§ **What you have to do**
Within the entries below, please retype exactly the lines starting with the line that has "5、单选题 图中,P、Q、M" and going on through the line that has "Pastel pembe renkte, fermuarlı", but not the pictures.

§ **Records for processing**
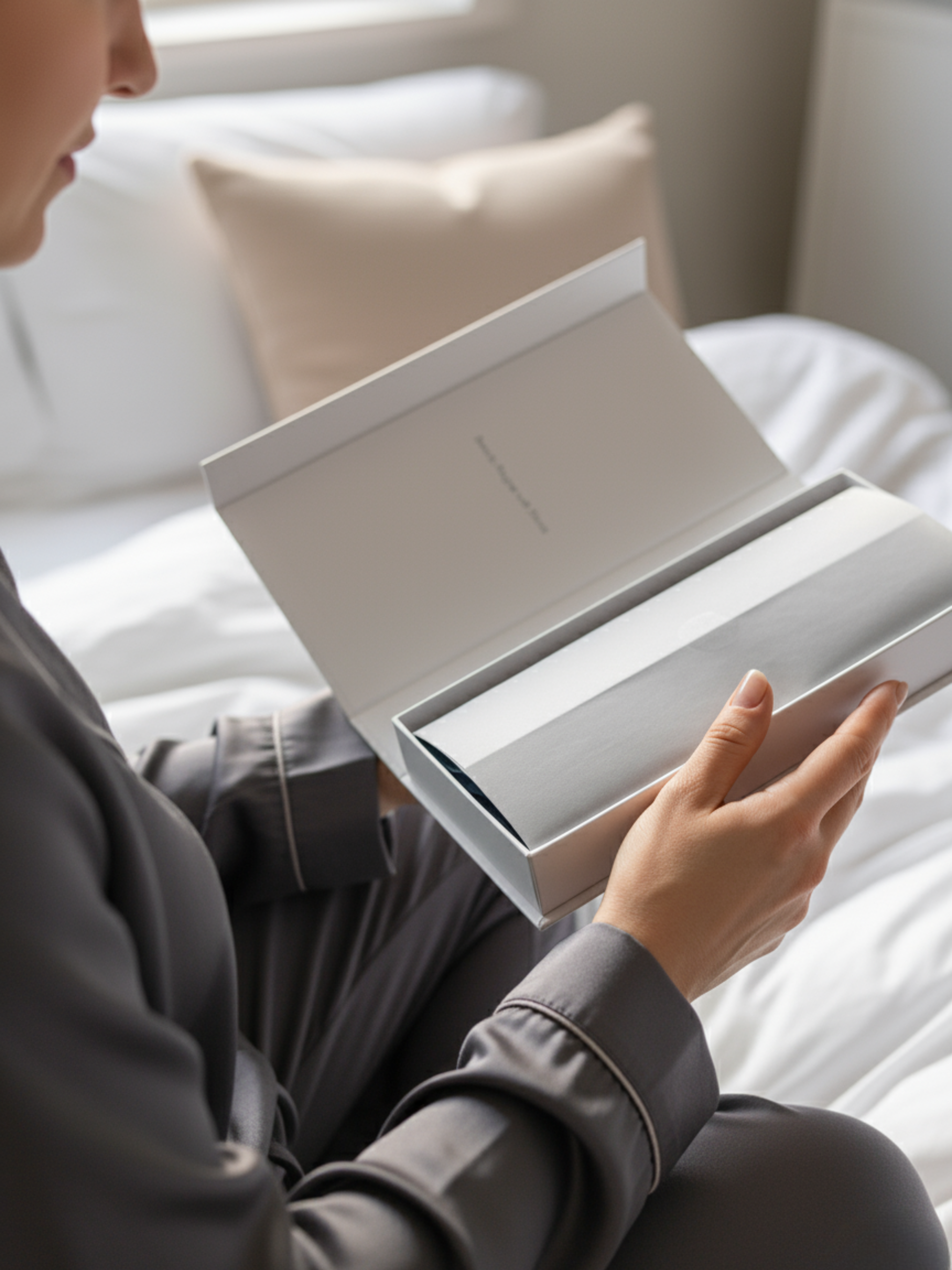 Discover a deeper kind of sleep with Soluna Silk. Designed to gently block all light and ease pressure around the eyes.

* * *

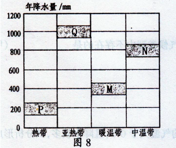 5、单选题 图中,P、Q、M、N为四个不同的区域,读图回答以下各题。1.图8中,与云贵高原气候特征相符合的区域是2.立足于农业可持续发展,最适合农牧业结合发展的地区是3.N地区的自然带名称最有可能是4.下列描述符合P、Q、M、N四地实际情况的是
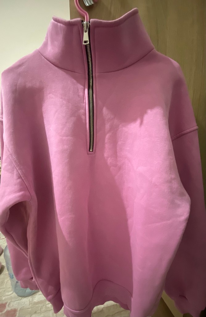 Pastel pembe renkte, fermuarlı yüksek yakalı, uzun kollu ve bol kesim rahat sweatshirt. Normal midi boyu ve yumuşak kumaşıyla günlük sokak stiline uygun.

§ **The answer**
 5、单选题 图中,P、Q、M、N为四个不同的区域,读图回答以下各题。1.图8中,与云贵高原气候特征相符合的区域是2.立足于农业可持续发展,最适合农牧业结合发展的地区是3.N地区的自然带名称最有可能是4.下列描述符合P、Q、M、N四地实际情况的是
 Pastel pembe renkte, fermuarlı yüksek yakalı, uzun kollu ve bol kesim rahat sweatshirt. Normal midi boyu ve yumuşak kumaşıyla günlük sokak stiline uygun.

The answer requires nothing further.